Macro Indicators Looking Up, But Plenty Of Worry Remains
The more than 50 leading economic forecasting groups polled each month by Blue Chip Economic Indicators held their consensus forecast for real growth of U.S. gross domestic product at 3.1% in 2010. In the latest survey, fielded in early April, they also raised their GDP forecast for '11 a tenth-point to 3.1%. But this doesn't mean everyone thinks the worst is behind.

There is good news in the macroeconomic indicators. Consumer spending is picking up, including for foodservice, even while disposable personal-income growth remains stuck at a forecast 1.5% for this year. Consumers are saving a little less. Jobs growth was better in March than even the optimists had hoped. Non-farm payroll jobs rose 192,000 and the Bureau of Labor Statistics raised the numbers for both January and February. And consumer confidence improved in March, at least as tracked by The Conference Board. The Thomson Reuters/University of Michigan Sentiment Index held steady. Asked whether we've seen the cyclical peak of the U.S. unemployment rate, 84% of the Blue Chip economists answered yes.

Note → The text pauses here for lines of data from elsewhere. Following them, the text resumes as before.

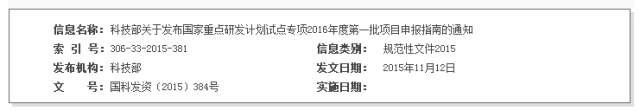 重點(diǎn)專項(xiàng),是國家重點(diǎn)研發(fā)計(jì)劃組織實(shí)施的載體,受到國家的高度重視。按照國發(fā)64號(hào)文件關(guān)于先期啟動(dòng)5-10個(gè)試點(diǎn)專項(xiàng)的要求,科技部、財(cái)政部、發(fā)改委會(huì)同相關(guān)部門凝練形成了“干細(xì)胞及轉(zhuǎn)化研究”、“數(shù)字診療裝備研發(fā)”、“大氣污染成因與控制技術(shù)研究”、“新能源汽車”、“化學(xué)肥料和農(nóng)藥減施增效綜合技術(shù)研發(fā)”、“七大農(nóng)作物育種”6個(gè)試點(diǎn)專項(xiàng)。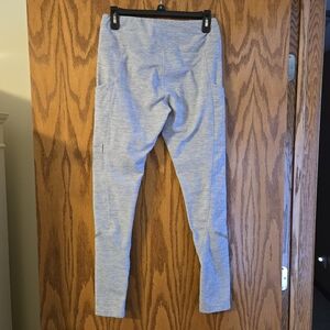 Comfortable gray athletic leggings. Perfect for workouts or casual wear.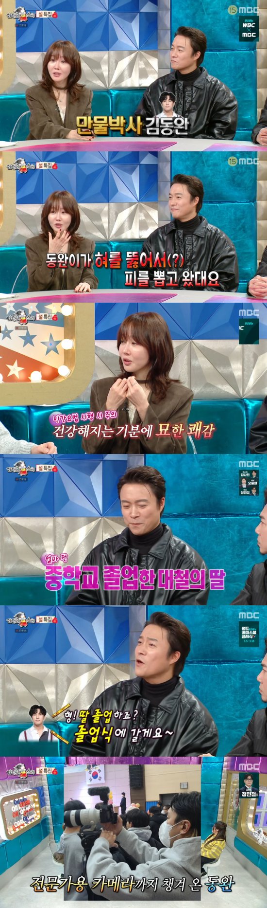 최대철도 김동완과의 에피소드를 떠올렸다. 최대철은 "얼마 전에 제 딸이 중학교를 졸업했다. 그 때가 '독수리 5형제를 부탁해!' 촬영 초반이었다. 동완이가 제 딸의 졸업식에 온다고 하는거다"라고 말했다.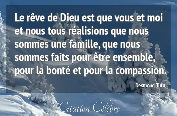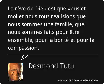 Le rêve de Dieu est que vous et moi et nous tous réalisions que nous sommes une famille, que nous sommes faits pour être ensemble, pour la bonté et pour la compassion.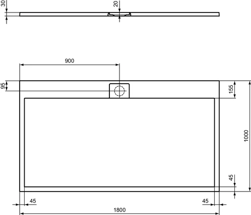 Ideal Standard Ultra Flat S i.life rechthoekige douchebak, 1800x1000x30mm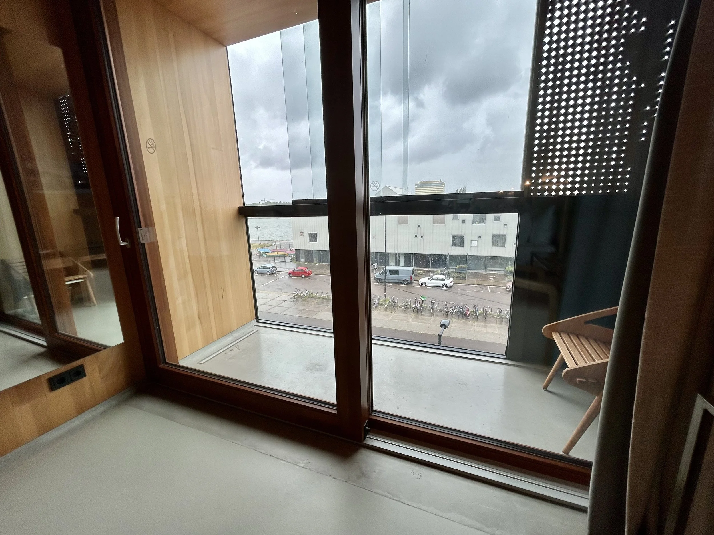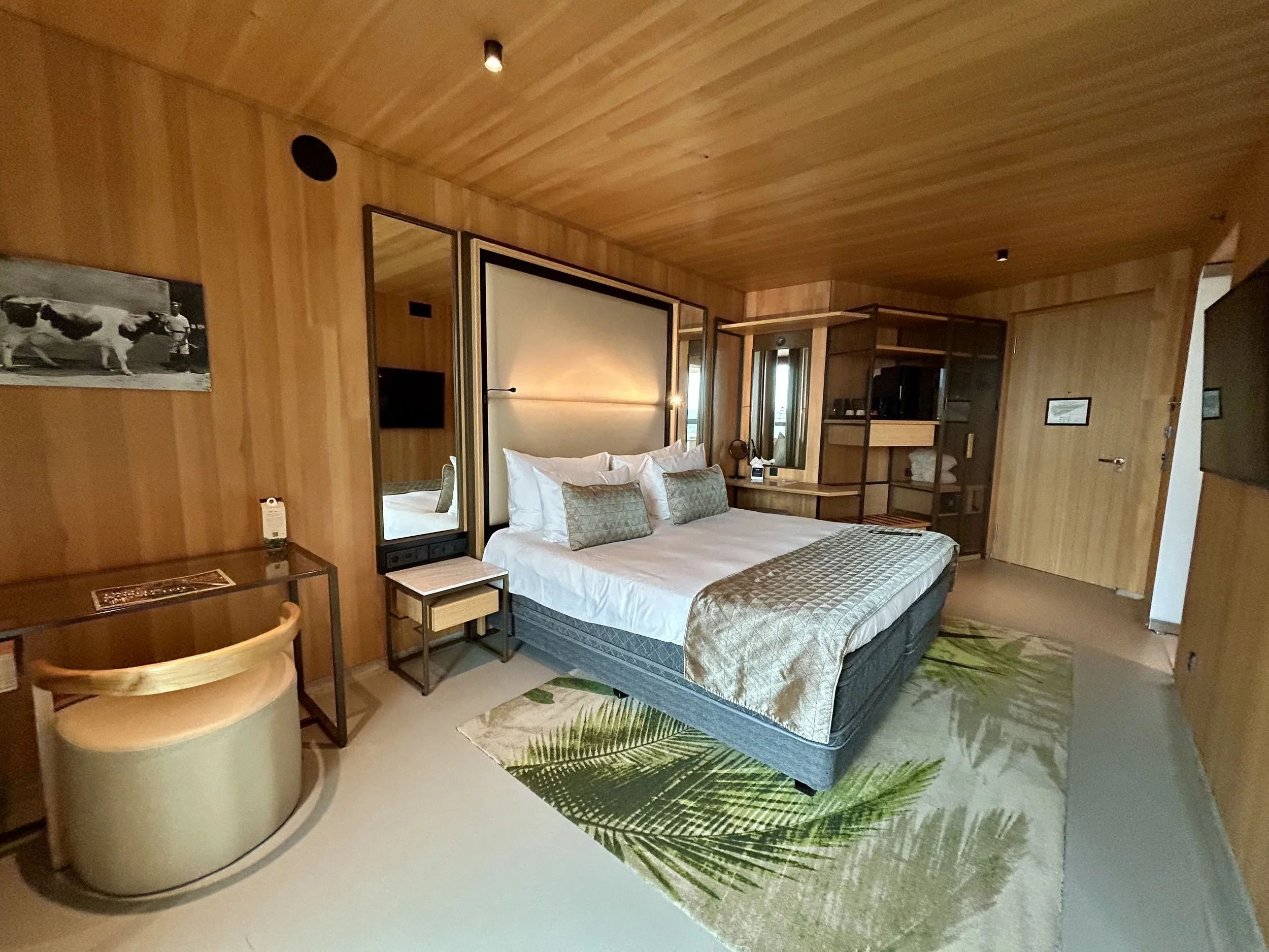 The main hotel entrance is threshold-free. It has a revolving door that can be slowed down or de-activated for easier entry with mobility aids.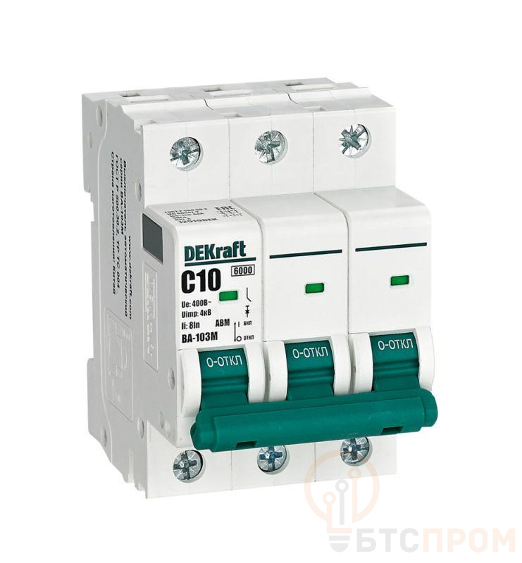 Автоматический выключатель без теплозащиты серии ВА-103M Dekraft; 3P; ном. ток 10 А; ном. раб. напряжение 400 В; кривая отключения C. Автоматические выключатели серии ВА-103М имеют специальное назначение для систем противопожарной защиты и вентиляции и выдерживают ток КЗ до 6000 А. Также они могут использоваться для нечастых оперативных включений и отключений указанных цепей. Автоматические выключатели соответствуют директиве RoHS, имеют расширенный диапазон рабочих температур от -25 до +60 °C, удобны и безопасны в эксплуатации.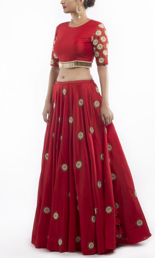 Select options This product has multiple variants. The options may be chosen on the product page Silk Lehenga With Red Embroidered Blouse Rs. 32,000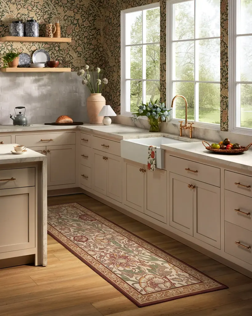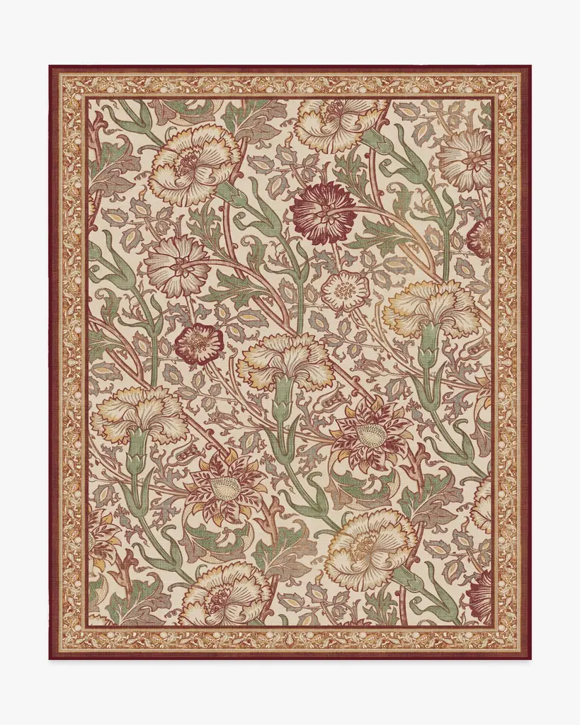 Meet our Morris & Co. Pink & Rose Burgundy Rug, made for memorable moments. Designed by William Morris himself, this detailed composition of delicate linework, interlocking roses, and flowering carnations adds character and charm to any room. A modern translation of vintage woodblock printing techniques, this design features an antiqued color palette of rich burgundy, natural gold, earthy green, and soft grey. Water-resistant, stain-resistant, and machine-washable. Rug colors may vary slightly according to your device and the lighting in your space.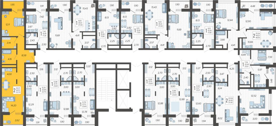 2-комнатная — 50,76 м² 3/19 эт. в Кислород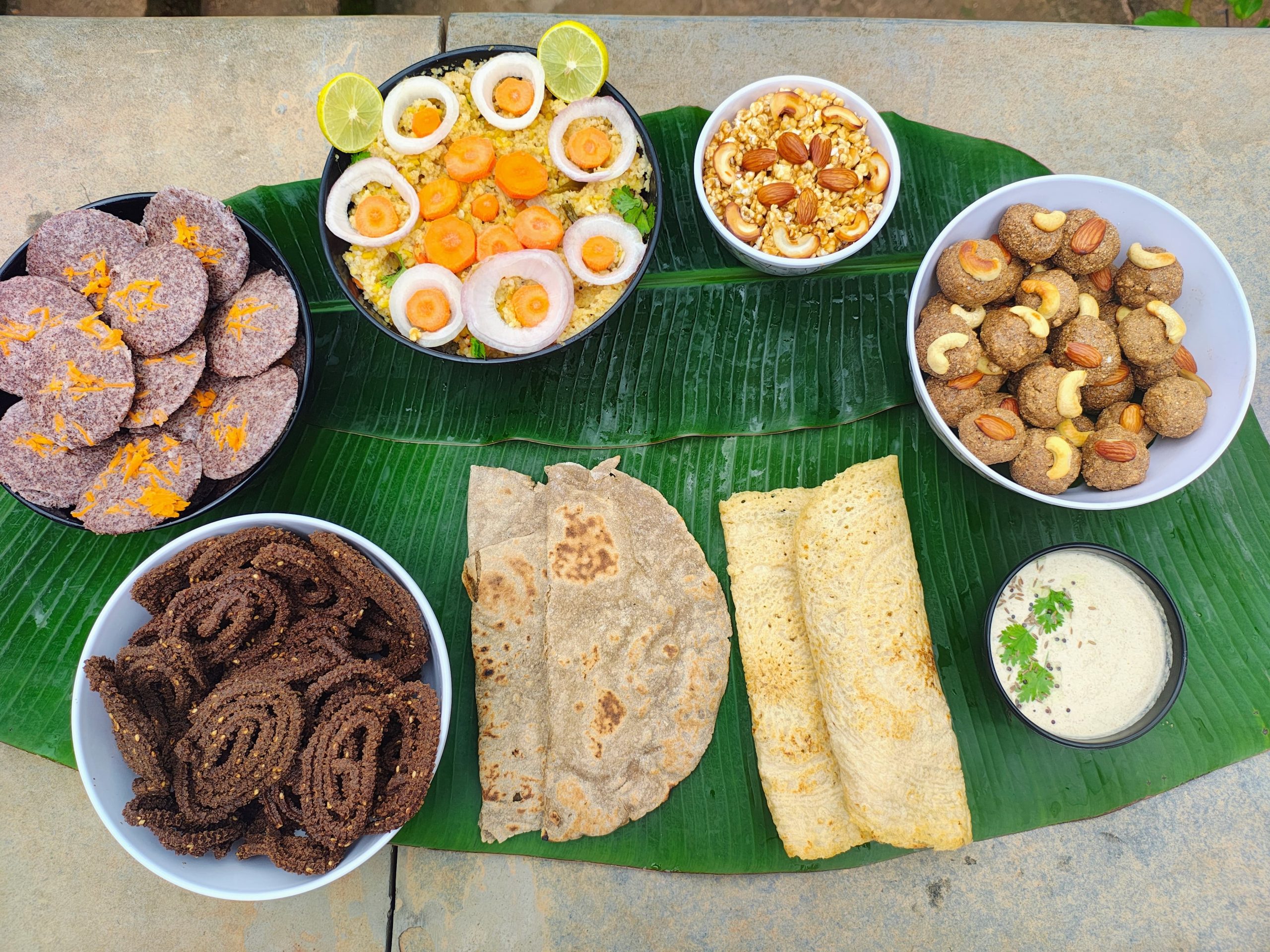 A millet-based ‘poshana thali’ or nutrition plate, comprising food items like ragi idlis and laddoos

But while hopeful, many economists are not complacent. The forecast is for very slow jobs and income growth during the next two years. Asked to define the biggest risks to the U.S. economy over the next year, the Blue Chip economists mentioned insufficient job and wage growth as the federal stimulus wanes, and renewed problems in the residential and commercial real-estate market. They also worry about tighter fiscal policy at all levels of government, a jump in long-term interest rates, and rising taxes. Still others worry that increased demand for energy, particularly in Asia, will drive up prices here, undercutting the recovery. As usual, we'll just have to wait and see.


Section sponsored by Henny Penny

Forecasts For Asian Economies Improve, Those For Europe Slip
The latest forecasts for economic growth outside the U.S. followed a familiar pattern in April: Growth in most Asian economies is accelerating, while that in many European economies is slowing.

The latest consensus forecasts from Blue Chip Economic Indicators have real growth of gross domestic product in China, Japan, Hong Kong and South Korea a tenth-point higher than last month. Taiwan's GDP growth is now two-tenths higher. China, as typical, leads the parade with GDP growth now forecast at 9.8% this year. That's up from 8.7% in 2009 and 9% in '08.

But the pattern is reversed in much of Europe. GDP real growth in the Eurozone economies is now forecast at only 1.2% this year, down a tenth-point from last month's forecast. Germany and the Netherlands are both forecast down a tenth-point, while the forecasts for the U.K. and France held steady at 1.2% and 1.7% respectively.

GDP forecasts for Canada and Mexico rose to 2.9% and 4.1% respectively.